##### How many solutions are there to the equation using Combinatorics?

How many solutions are there to the equation

x1+x2+x3+x4+x5 = 21

where xi , i=1,2,3,4,5 is a non negative integer such that

A)x≥  1 ?

B)x≥  2 for i=1,2,3,4,5 ?

C) 0 ≤  x≤ 10 ?

D) 0 ≤  x≤  3,1 ≤  x< 4 , and x≥  15?

Pls explain part D of the above

##### 4Comments
Mithlesh Upadhyay 8 May 2017 05:15 pm

(a) x1 ≥ 1, so equation will be x1 + x2 + x3 + x4 + x5 = (21 - 1) = 20.

So, total number of solutions = C((20+5-1), 20) = C(24, 20) = C(24, 4) = 10626.

(b)

xi ≥ 1, so equation will be x1 + x2 + x3 + x4 + x5 = (21 - 2 - 2 - 2 - 2 - 2) = 11.

So, total number of solutions = C((11+5-1), 20) = C(15, 11) = C(15, 4) = 1365.

(c) 0 ≤ x1 ≤ 10 . In other words, if we x1 ≥ 11 from total number of solution, then we get number of solutions between 0 ≤ x1 ≤ 10.
Possible solutions = C((21+5-1), 21) - C(((21-11)-5-1), (21-11)) = C(25, 21) - C(14, 10) = C(25, 4) - C(14, 4) = 12650 − 1001 = 11649.

(d) First, satisfy x3 ≥ 15, and x2 ≥ 1 then equation will be

x1 + x2 + x3 + x4 + x5 = (21 - 15 - 1) = 5.
So, total number of solutions = C((5+5-1), 5) = C(9, 5) = 126

Case 1: Now satisfy x2 ≤ 2, (since 2 and 3. 1 is already satisfied). Then situation will be same as part (c), and we subtract x2 > 3 solutions from total number of solution as given in above equation:
Total number of solutions = 126 - C(((5-2)+5-1), 5-1) = 126 - C(7, 4) = 126 - 35 = 91.

Case 2: Now satisfy x1 ≤ 3. Then situation will be same as part (c), and we subtract x1 > 4 solutions from total number of solution as given in case 1.

So, number of solutions = 91 - C(((5-3)+5-1), 5-1) = 91 - C(6, 4) = 91 - 15 = 76.

So, 76 is the answer.

Himanshu Chowdhury 8 May 2017 05:38 pm

But answer is 106.

Mithlesh Upadhyay 8 May 2017 06:03 pm

Where? As I understood. 76 is correct answer.

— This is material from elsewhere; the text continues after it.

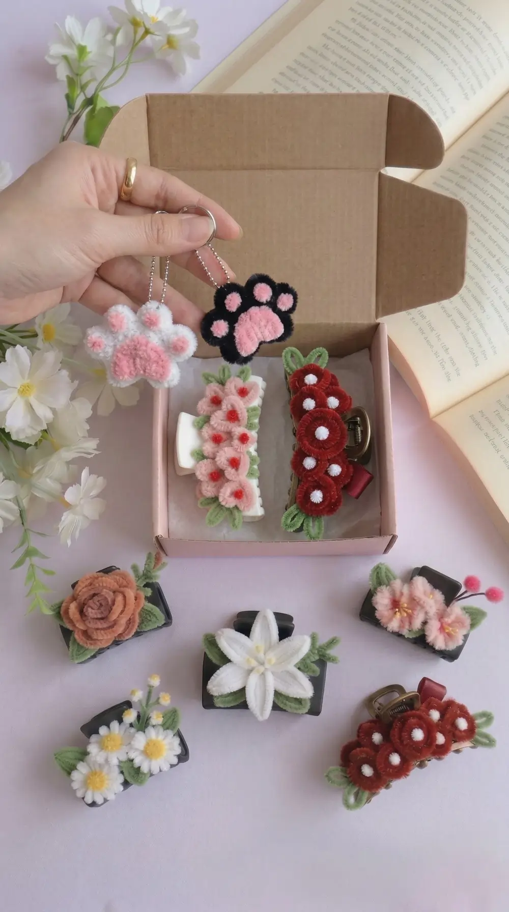 This is the ultimate, stylish gift package for birthdays, Friendship Day, or as a sweet surprise for your partner. Because every aesthetic is unique, we want you to build the perfect box. How to customize: Once you place your order, simply chat with us on Instagram to select exactly which matching keychain set and which two specific floral clutchers you want included from our massive variety of designs!

Ashish Kumar Goyal 2 Nov 2018 04:40 pm

@mithlesh @himanshuchowdhu, answer is 106. @mithlesh, your approach was fine but you missed the answer with a minute mistake.

For (d) In Case 1:
we substract x2 ≥ 3 solutions since u already scaled x2 1 down, i.e; now with the current equation, x1 + x2 + x3 + x4 + x5 = 5, our new requirements became 0 ≤ x1 ≤ 3, 0 ≤ x2 < 3, x3 ≥ 0. [since x3 is scaled down by 15units, x2 is scaled down by 1unit (21 - 15 - 1)=5]

So, for x2≥ 3, it would be

C((5-3)+5-1,(5-3)) = C(6,2) and not  C(((5-2)+5-1), 5-1)= C(7,4).

C(6,2) = 15.

In Case 2:  we substract x1>3 i.e; x1 ≥ 4 solutions, viz,

C((5-4)+5-1,(5-4)) = C(5,1) = 5.

Therefore, final answer = 126 - 15 -5 = 106.